Limits & defaults
Batch-level options shared by every batch function — defaults merged into requests, batch metadata, and request/size limits with per-provider caps.
These options sit on the batch call alongside model and requests, and apply to every batch function — batch(), batch.images(), and batch.embeddings() — regardless of the per-request fields documented on each API page.
Defaults
defaults are merged into every request; request-level values win:
await batch({
model: anthropic("claude-opus-4-8"),
defaults: {
system: "You are terse.",
maxOutputTokens: 256,
},
requests: [
{ customId: "a", prompt: "…" }, // inherits system + maxOutputTokens
{ customId: "b", prompt: "…", maxOutputTokens: 1024 }, // overrides maxOutputTokens
],
});Metadata
metadata attaches free-form key/value pairs to the batch. It's forwarded to
OpenAI, Groq, Together AI, and Mistral, and ignored by Anthropic, Google Gemini,
and xAI (whose batch APIs don't accept batch-level metadata):
await batch({ model, requests, metadata: { description: "nightly eval" } });Limits
Batchwork validates every batch before it reaches a provider. The default guardrails are 50,000 requests per batch, 20 MiB per captured request body, a 200 MiB provider upload payload, and 16 concurrent request captures:
await batch({
model,
requests,
limits: {
captureConcurrency: 8,
maxRequests: 10_000,
maxRequestBytes: 4 * 1024 * 1024,
maxUploadBytes: 100 * 1024 * 1024,
},
});Provider-side caps still apply, so keep custom limits at or below the target provider's maximums.

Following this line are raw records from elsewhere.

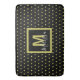 Modern Black Golden Circle Pattern Monogram Bath Mat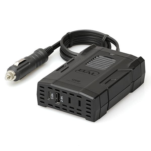 お車のアクセサリーソケットの電源(DC12V)を家庭用電源(AC100V)やUSB電源(DC5V)に変換しスマートフォンやタブレットPCへ電源供給ができます。
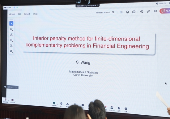 推进学院科研国际交流与合作,6月22日数理与统计邀请澳大利亚科廷大学汪崧教授为广大师生作了题为“Interior penalty method for finite-dimens-ional complementarity problems in Financial Engineering”的学术报告。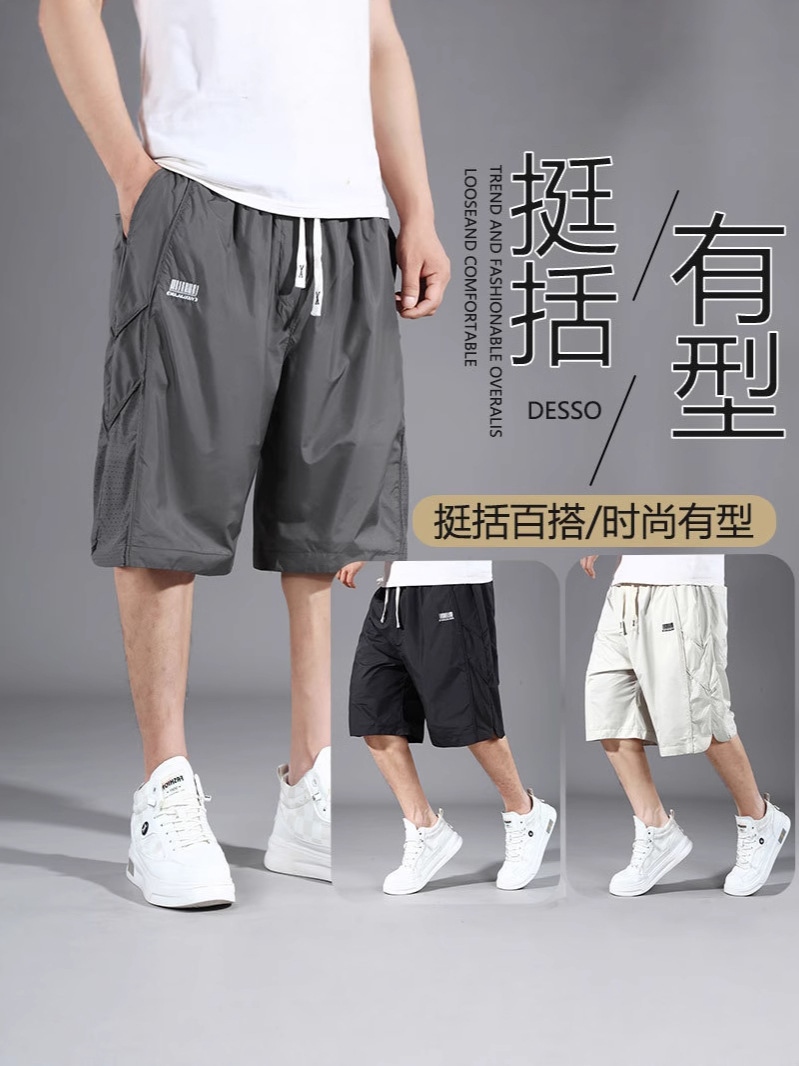 Мужские летние свободные быстрые сухие коньки-пляжные брюки Тонкий большой размер мужские укороченные брюки плюс толстые шорты 2532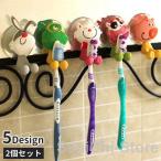 歯ブラシホルダー 2個セット 歯ブラシ立て 壁掛け 吸盤 吊り下げ 引っ掛け 浮かせて収納 かわいい 洗面所 お風呂場 アニマル 動物 整理整頓 スッ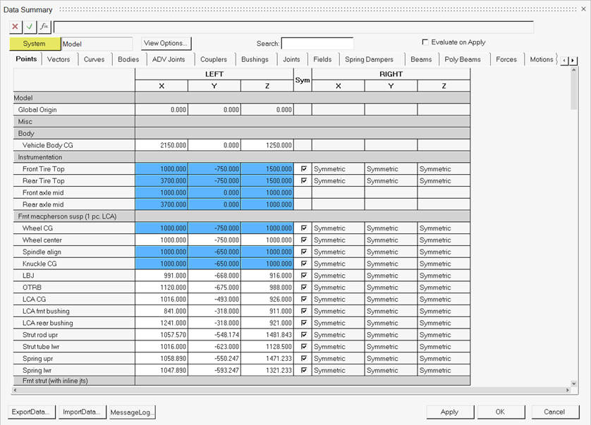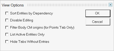 | Filter Body CM origins (for Points Tab Only) | Filter Points that are used as Body CG. |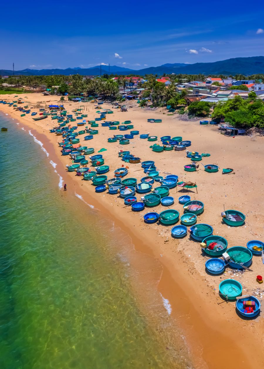 Mỗi lần về với Phú Yên, tôi đều ghé thăm làng chài Xuân Hải thuộc thị xã Sông Cầu. Tôi đã đi qua nhiều làng chài dọc theo dải bờ biển từ Bắc vào Nam nhưng Xuân Hải là nơi tôi yêu mến nhất. Xuân Hải là nơi có nhiều thuyền thúng bậc nhất. Thuyền thúng ở Xuân Hải khá lớn, đường kính từ 2 – 3m, được điều khiển bằng máy và sơn màu xanh bắt mắt. Nhìn từ trên cao xuống, chúng giống như những chiếc ô tròn màu xanh xếp dọc theo bờ biển cong cong, trên nền cát vàng càng nổi bật hơn. Ngắm nhìn những con thuyền thúng tròn xoe, tôi luôn muốn thử cảm giác đứng bên trong, chao nghiêng cùng sóng biển tròng trành và chia vui cùng ngư dân khi thu được mẻ lưới đầy ắp cá. Sáng sớm ở Xuân Hải, tôi thích đi bộ chầm chậm từ bờ biển, trên con đường bê tông nhỏ dẫn sâu vào trong làng, những ngôi nhà nép mình dưới rặng dừa cao vút, được bao bọc bởi màu xanh dịu dàng của biển và trời, đâu đó là tiếng lao xao của các bà, các mẹ, tiếng trẻ con í ới. Một khung cảnh mộc mạc, gần gũi đặc trưng vùng biển càng làm tôi quyến luyến xứ này.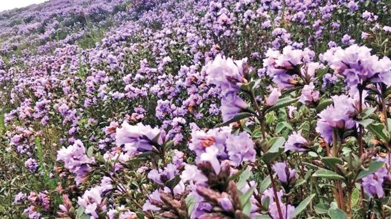 தொட்டபெட்டா மலைச்சரிவுகளில் பூத்துக் குலுங்கு குறிஞ்சி மலா்கள்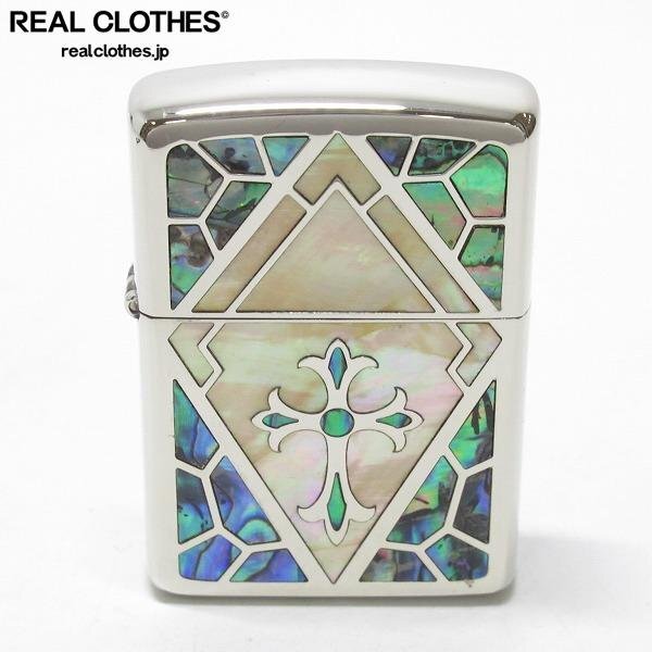 ZIPPO/ジッポ アーマーケース インレイドシェルグランデ貝 クロス 片面加工 05年製 /UPK | ||||||||||||||||||||||||||||||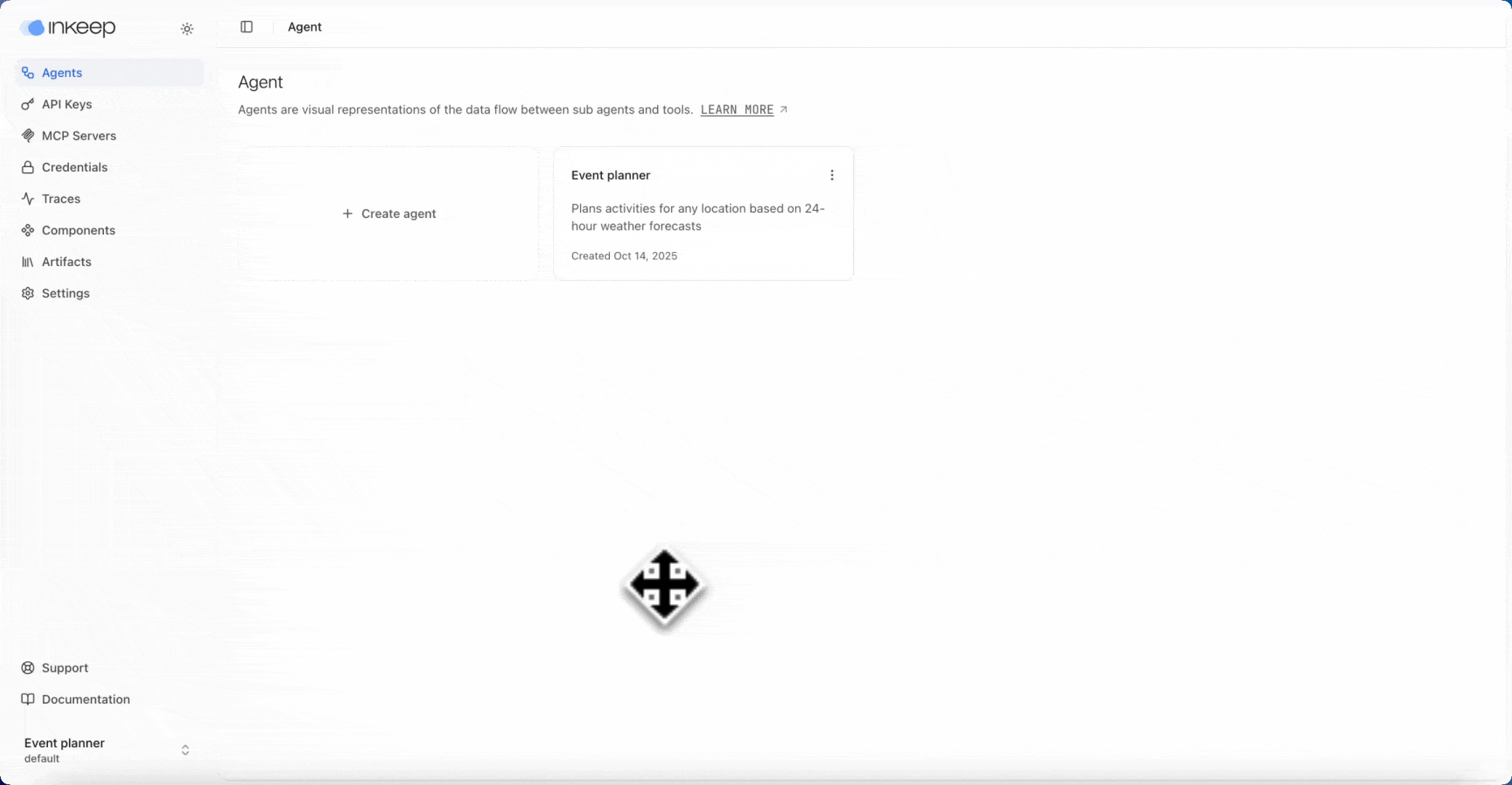 With Inkeep, you can define your agents in code, push them to the Visual Builder, and continue developing with the intuitive drag-and-drop interface. You can switch back to code any time.
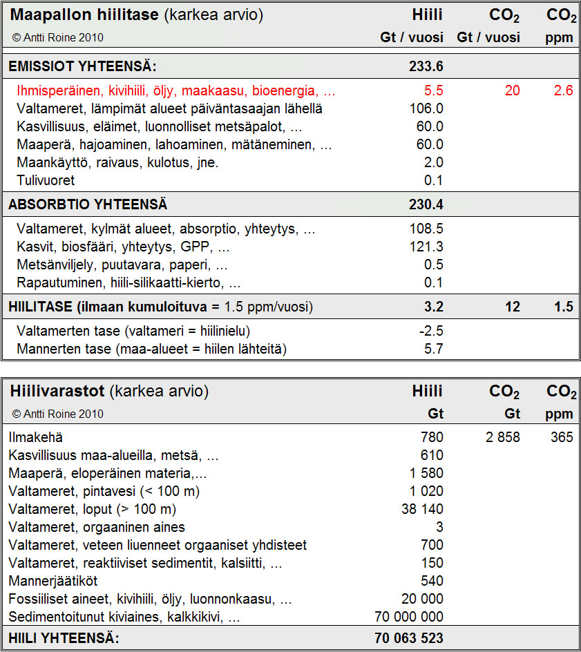 - Maapallon hiilitase ja varastot. Ihmisperäisten hiiliemissioiden määrä on vain 2.4 % luonnon omien hiiliemissioiden määrästä. Ilmakehän hiilidioksidipitoisuus kasvaa joka vuosi noin 1.5 ppm-yksikköä, koska valtamerten pintaveden lämmetessä mereen absorboituva määrä vähenee.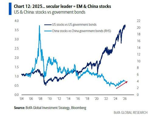 Hartnett writes that when it comes to Bonds: zero-coupon bonds ZROZ up 4% YTD, Nasdaq 100 QQQ -2%; he still thinks big unwind levels hold (big tech XLK $133, bitcoin 58k, gold $4550/oz) but if bonds rally more after strong payroll an d Friday's s CPI… those levels will be tested again, especially now big financials breaking down (XLF<$52.50). This would open the door for wider credit spreads, and Hartnett believes the long bond remains best 2026 risk hedge, as the Trump admin is unlikely to allow GT30 to trade above 5%, while the Fed may be done which means yield curve steepening done (everyone has a steepener on). To this add in the electoral need to address affordability in ’26, acceleration of deflationary AI disruption, and the BofA strategist thinks that a government bond yields surprise to the downside is his favorite exposure for ‘25-‘26 inflation-hiatus (and yes, inflation will come roaring back up in 2027 after US midterms, where with a laundry list as to why “Anything But Bonds”, ABB will remain the correct secular (not cyclical) investment theme of 2020, with some factors of note:

Per-batch limits vary by provider:
| Provider | Max requests per batch | Max input size |
|---|---|---|
| OpenAI | 50,000 | 200 MB |
| Anthropic | 100,000 | 256 MB |
| Google Gemini | No fixed count | 2 GB file · 20 MB inline |
| Groq | 50,000 | 200 MB |
| Mistral | 100,000 | 512 MB |
| Together AI | 50,000 | 100 MB |
| xAI | 50,000 | 200 MB |
Notes:
- Google Gemini doesn't cap request count directly — batches are bounded by the 2 GB input-file size and a per-model enqueued-token quota. Inline requests must stay under 20 MB total.
- Together AI also limits enqueued tokens to 30B per model at any time.
- xAI's 50,000 cap applies to file-based batches; inline batches are theoretically unbounded but throttled above ~1,000,000 requests.
For very large workloads, split into multiple batches.